Zaxy 2.0 RC.1 Benchmark Freeze Implementation Plan
For agentic workers: REQUIRED SUB-SKILL: Use superpowers:subagent-driven-development (recommended) or superpowers:executing-plans to implement this plan task-by-task. Steps use checkbox (- [ ]) syntax for tracking.
Goal: Build the 2.0.0-rc.1 release-freeze gate that validates the exact benchmark artifacts and claim boundaries allowed for the 2.0 release candidate.
Architecture: Add a small release evidence contract that reads archived benchmark reports and internal lane summaries without changing retrieval, synthesis, or benchmark scoring behavior. Expose the contract through a CLI command and docs so RC evidence is reproducible, machine-readable, and separated into headline, external-anchor, and project-defined internal lanes.
Tech Stack: Python 3.11+, Typer CLI, dataclasses, JSON artifacts, pytest, existing Zaxy benchmark modules.
---
Task 1: RC.1 Evidence Contract
Files:
- Create:
src/zaxy/rc_benchmark_freeze.py - Test:
tests/test_rc_benchmark_freeze.py
- [ ] Step 1: Write failing tests
Add tests that create temporary LongMemEval, Harvey LAB, and internal-lane artifacts. Assert that the contract passes when all required evidence is present and fails when a lane is missing or when an internal lane is marked external.
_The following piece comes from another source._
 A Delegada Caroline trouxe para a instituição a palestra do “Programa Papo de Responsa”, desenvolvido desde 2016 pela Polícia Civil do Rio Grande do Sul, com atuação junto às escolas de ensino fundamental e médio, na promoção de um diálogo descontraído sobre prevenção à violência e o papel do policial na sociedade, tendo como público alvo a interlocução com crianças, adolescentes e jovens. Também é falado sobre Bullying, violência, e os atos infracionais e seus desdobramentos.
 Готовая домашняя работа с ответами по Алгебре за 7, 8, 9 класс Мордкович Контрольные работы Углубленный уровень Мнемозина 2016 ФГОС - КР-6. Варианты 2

Run: pytest tests/test_rc_benchmark_freeze.py --no-cov -q
Expected: FAIL because zaxy.rc_benchmark_freeze does not exist.
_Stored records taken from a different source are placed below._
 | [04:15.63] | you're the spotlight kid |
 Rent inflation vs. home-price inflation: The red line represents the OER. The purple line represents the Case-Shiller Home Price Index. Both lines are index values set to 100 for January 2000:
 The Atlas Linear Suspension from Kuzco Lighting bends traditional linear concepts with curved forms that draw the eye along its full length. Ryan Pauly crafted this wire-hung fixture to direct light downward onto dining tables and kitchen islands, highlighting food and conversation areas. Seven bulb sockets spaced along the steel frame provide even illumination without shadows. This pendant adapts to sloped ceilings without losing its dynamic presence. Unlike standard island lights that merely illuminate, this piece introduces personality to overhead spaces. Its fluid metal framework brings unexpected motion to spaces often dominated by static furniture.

- [ ] Step 2: Implement evidence models and validation
Create focused dataclasses for evidence checks and a build_rc1_benchmark_freeze_report(root: Path) -> RcBenchmarkFreezeReport function. Validate:
- headline 500 report exists and passes floors: mean
0.95, Answer@50.90, Recall@50.99, citation coverage1.0, p952500, p993000; - run config exists beside the headline report;
- Harvey external artifacts exist and remain classified as
external_anchor; - internal 2.0 lane definitions include causal, consolidation, procedural, and metacognition as
project_defined_internal; - no internal lane is classified as external validation.
Run: pytest tests/test_rc_benchmark_freeze.py --no-cov -q
Expected: PASS.
Task 2: CLI Gate
Files:
- Modify:
src/zaxy/__main__.py - Test:
tests/test_cli.py
- [ ] Step 1: Write failing CLI tests
Add tests for zaxy benchmark-freeze --json using a temporary root. Assert exit code 0 for complete fixtures and exit code 1 when a required artifact is missing.
Run: pytest tests/test_cli.py -k benchmark_freeze --no-cov -q
Expected: FAIL because the command is not registered.
- [ ] Step 2: Add Typer command
Add benchmark-freeze as a top-level command. It should call build_rc1_benchmark_freeze_report, print JSON when --json is passed, print a concise text summary otherwise, and exit non-zero on failed gates.
Run: pytest tests/test_cli.py -k benchmark_freeze --no-cov -q
Expected: PASS.
Task 3: Docs And Claim Boundary
Files:
- Modify:
docs/benchmarks.md - Modify:
docs/testing.md
- [ ] Step 1: Update benchmark docs
Add a Zaxy 2.0 RC.1 Benchmark Freeze section that names the gate command and states that it validates existing artifacts without changing benchmark behavior. Keep LongMemEval-compatible, Harvey LAB, and project-defined internal lanes separate.
- [ ] Step 2: Update testing docs
Add the exact RC.1 freeze command to the release guardrail list.
Run: scripts/validate-docs.sh --root .
Expected: PASS.
Task 4: Verification
Files:
- Existing test and report artifacts only.
- [ ] Step 1: Run focused tests
Run:
pytest tests/test_rc_benchmark_freeze.py tests/test_cli.py -k "benchmark_freeze or rc1" --no-cov -q
Expected: PASS.
- [ ] Step 2: Run existing benchmark guardrail
Run:
python -m zaxy benchmark-compare reports/benchmarks/longmemeval-500-publish-20260607/live-benchmark.json --backend zaxy-checkout --min-mean-score 0.95 --min-answer-recall-at-5 0.90 --min-recall-at-5 0.99 --min-citation-coverage 1.0 --max-p95-ms 2500 --max-p99-ms 3000
Expected: PASS.
- [ ] Step 3: Run RC.1 freeze gate
Run:
python -m zaxy benchmark-freeze --json
Expected: JSON report with "passed": true.